I try to forget about bad relationships, mostly. Sometimes they still mess me up, though.

1.) I dated this senior in high school while I was a sophomore, he was 19 I was 15. I didn't see anything wrong with it at the time, because high school and a cool older guy liked me. He ended up cheating on me and continued talking to the girl behind my back. Stupid 15 year old me thought "everyone messes up sometimes, it's fine" and took him back because he seemed genuinely sorry. I ended up sleeping with him because I was afraid he was going to leave me and I was desperate enough to try and make him stay.

He did end up leaving eventually and then strung me along for months on end, despite having numerous girlfriends after me. I was devastated and when I finally had enough and moved on, he had the gall to yell at me for "not being there for him" like I "promised I always would". Sorry pal, I'm done.

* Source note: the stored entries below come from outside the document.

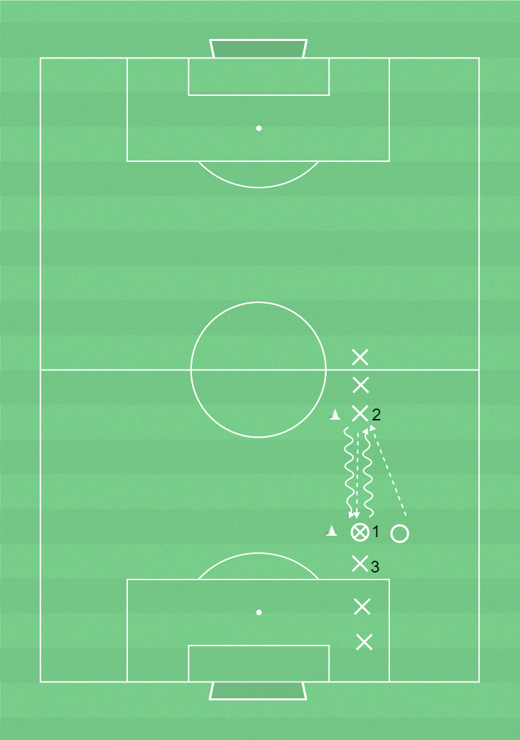 X1 lämnar över bollen till X2.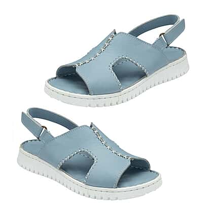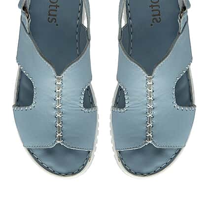 Experience the perfect blend of comfort, craftsmanship and versatility with the Lotus Astrid leather slingback sandals. Crafted with a soft leather upper, this women's pale blue sandal showcases an elegant cut-out design enhanced by contrasting decorative blanket stitching for a touch of handcrafted charm. A cushioned footbed and soft lining ensure every step feels as good as it looks, keeping you comfortable from day to night. The adjustable rip-tape slingback strap offers a secure, personalised fit, while the low 2.5cm heel provides just the right amount of lift for everyday wear or special occasions alike, making it a versatile addition to your wardrobe.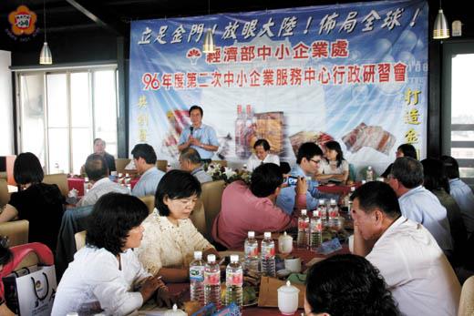 經濟部中小企業處九十六年第二次中小企業服務中心行政研習會,昨天跨海抵金在金城長鴻商務旅館餐廳召開,各縣市中小企業服務中心幹部與工作人員參與,縣府主任秘書盧志輝代表李縣長前往致詞指出,戰地政務解除後駐軍也減少了,衝擊到各行業經濟蕭條,縣府致力發展觀光事業,期望營造出具有文化及時代特色的觀光城,也歡迎全國各地中小企業服務中心人員來金門體驗金門之美,藉由彼此交流與經驗的分享,提升地區觀光事業,活絡商機。 這項由經濟部中小企業處主辦、金門縣工商發展投資策進會協辦、金門縣中小企業服務中心承辦的中小企業服務中心行政研習會,於昨日下午二時在金城長鴻商務旅館六樓餐廳舉行,研習會由經濟部中小企業處副處長葉雲龍主持,縣府主任秘書盧志輝、建設局長李增財、經濟部中小企業處副組長蘇文玲、科長葉秀娟、金門縣中小企業服務中心主任盧志權及各縣市中小企業服務中心幹部與工作人員近六十人參與。 九十六年第二次中小企業服務中心行政研習會,會中並報告去年度提案執行情況,並提案討論通過二項提案,昨天下午也進行專題演講,分別邀請經濟部中小企業處副處長葉雲龍主講「積極落實中小企業之六項策略及四大配套方案」、金門縣建設局長李增財演講「金門產業概況與未來發展方向」,金門縣中小企業服務中心主任盧志權配合經濟部投資業務處及金門縣政府招商案,說明如何招商引資推介金門投資環境,包括有水試所觀光旅館、高職農場及金湖商業旅館等等,同時對有意願來金投資,國內、國外及大陸地區(台商)等財團企業,提供資訊與諮詢服務,帶動地區各項建設,繁榮經濟。 建設局長李增財演講「金門產業概況與未來發展方向」時表示,政府首要之務是塑造一個有利於產業發展,調整轉型之大環境,讓產業永續進行,而要達到此目標除了縣民共同推動與努力外,重要的是中央政策要鬆綁,我們就可全力以赴,一起來為地區觀光事業打拚,發展出具有文化及時代特色的觀光城。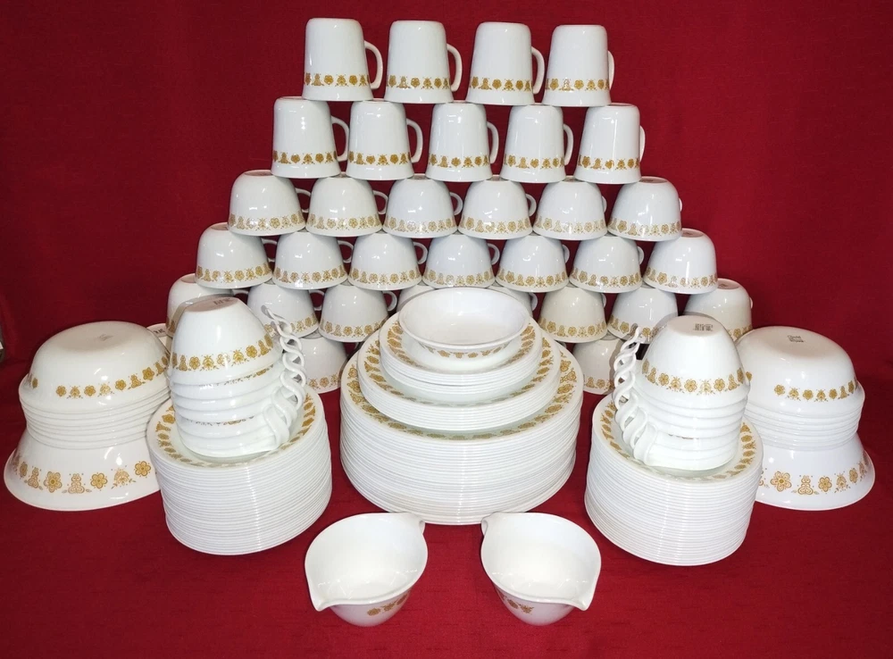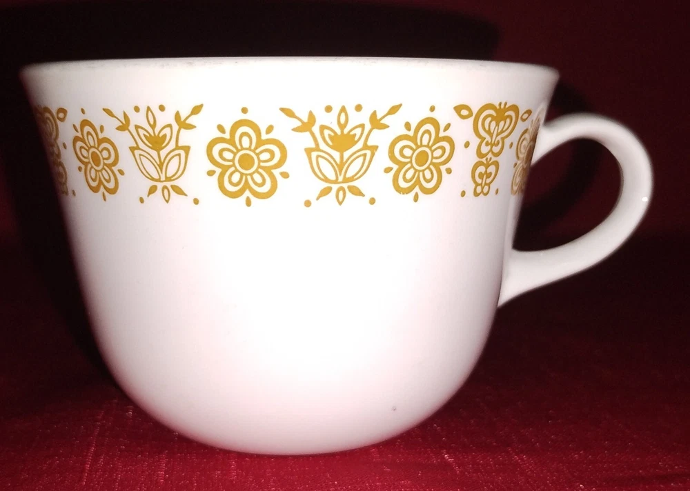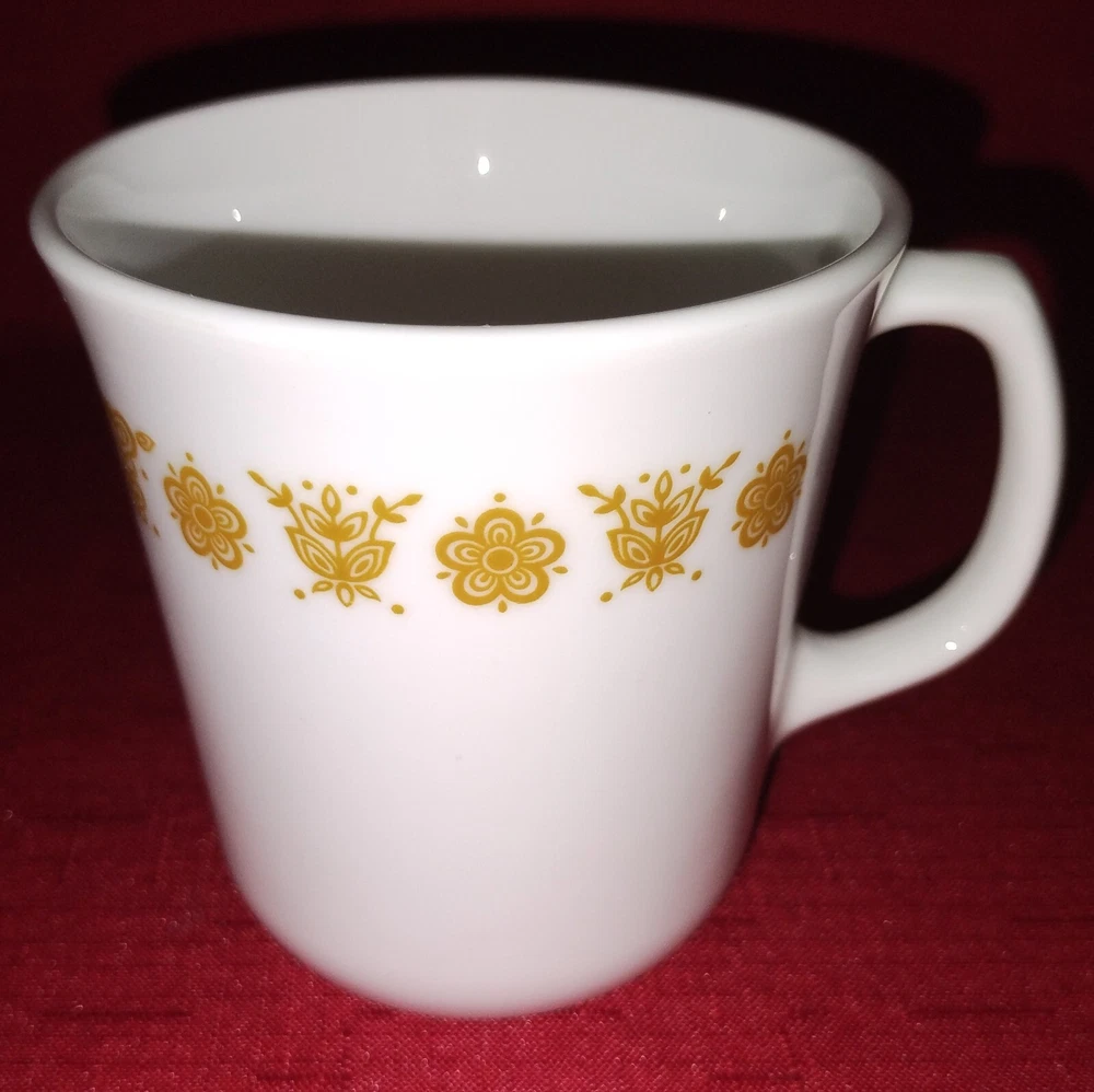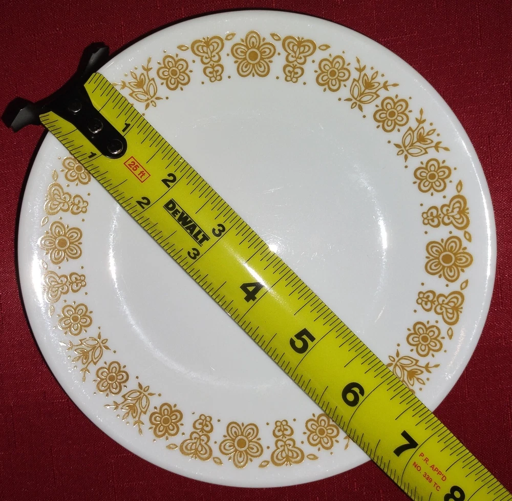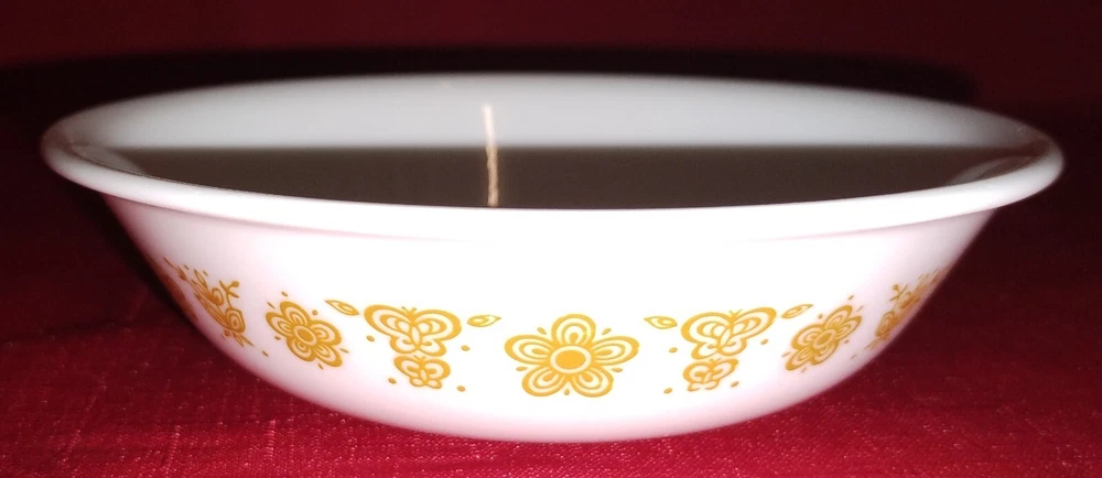 Add a touch of vintage charm to your dinnerware collection with this beautiful Corelle Corning Butterfly Gold dinner plate. The round plate features a stunning butterfly and floral pattern in a vibrant gold color, making it perfect for all occasions. Crafted from high-quality pressed glass material, this plate is both break-resistant and dishwasher safe, ensuring easy maintenance. The plate is part of the Butterfly Gold product line and was manufactured in the United States in the 1970s using a fused glass production technique. It comes with a printed backstamp and is perfect for collectors or anyone looking to add a touch of Mid-Century Modern style to their home decor. Order yours today and enjoy the beauty and functionality of this vintage dinner plate.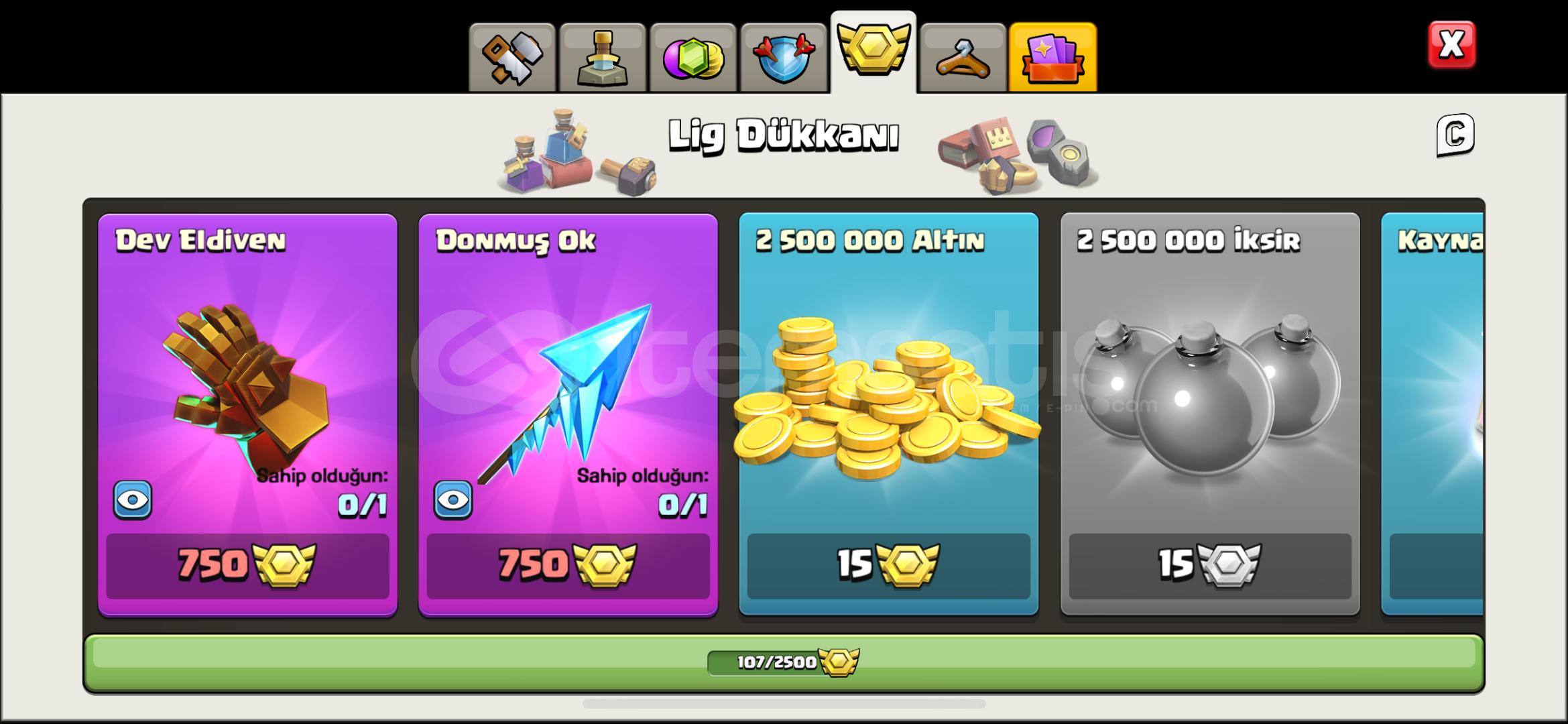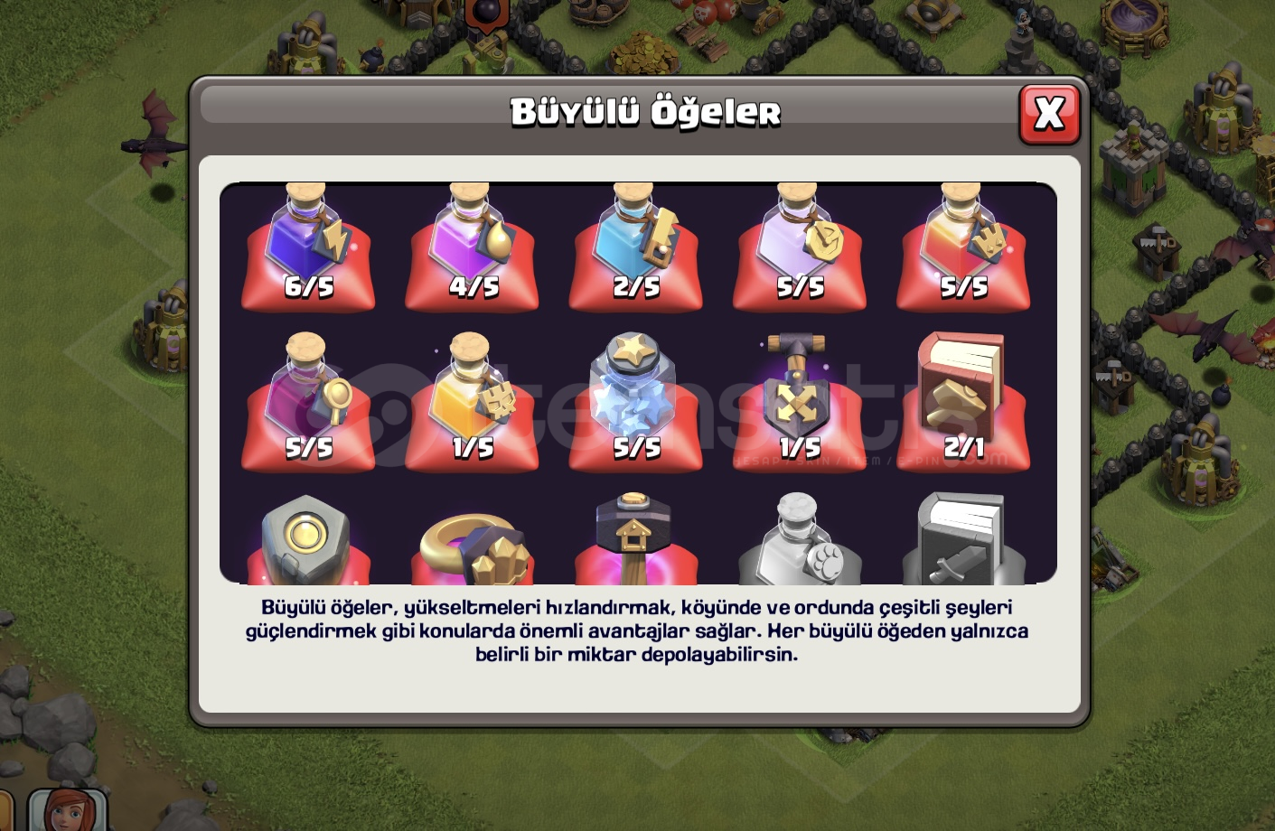 büyülü öğeler ve lig madalyası mevcuttur

To this day I end up getting unnecessarily flirtatious if I feel like my relationship is in distress.

2.) The guy I dated immediately after the guy above seemed alright enough, nice guy, smart. Really down to earth.

He liked smoking weed and he was more or less my introduction to it. Weed makes me sleepy, and I made it clear to him that it had that effect on me. He got horny while he was high and we had sex even though I wasn't totally into it. Okay, fine, whatever.

There was another time where I was crying to him about having relapsed with hurting myself right as we got intimate. We stopped and he consoled me before eating dinner. After eating, we went back to his room and I remember still being visibly out of it. He wanted me to give him a blowjob, and I just went along with it because I guess it had been long enough and I guess I was over being upset.

A third time we were trying out one of his kinks (sex in the woods) and I just broke down in tears in the middle of it because I was hot, dehydrated, exhausted, hallucinating, and I wanted to go home. He asked if he could at least finish himself off before we left.

ANOTHER time was when he wanted to fuck me while I had a fever of 101 and I couldn't speak because my throat was so sore.

Most of my sexual encounters with this guy were basically 'why bother saying no, we do this so much anyway despite odd circumstances, what's the point of it' based off of the above experiences.

He broke up with me because he stopped loving me. He broke up with me MONTHS after he actually stopped loving me. I was unknowingly being strung along.

I'm in a better relationship now (coming up on 2 years actually!! :-) ) but those relationships still have an impact on me and my behavior and how I see myself.

Sorry for any grammar/spelling mistakes, I'm on mobile!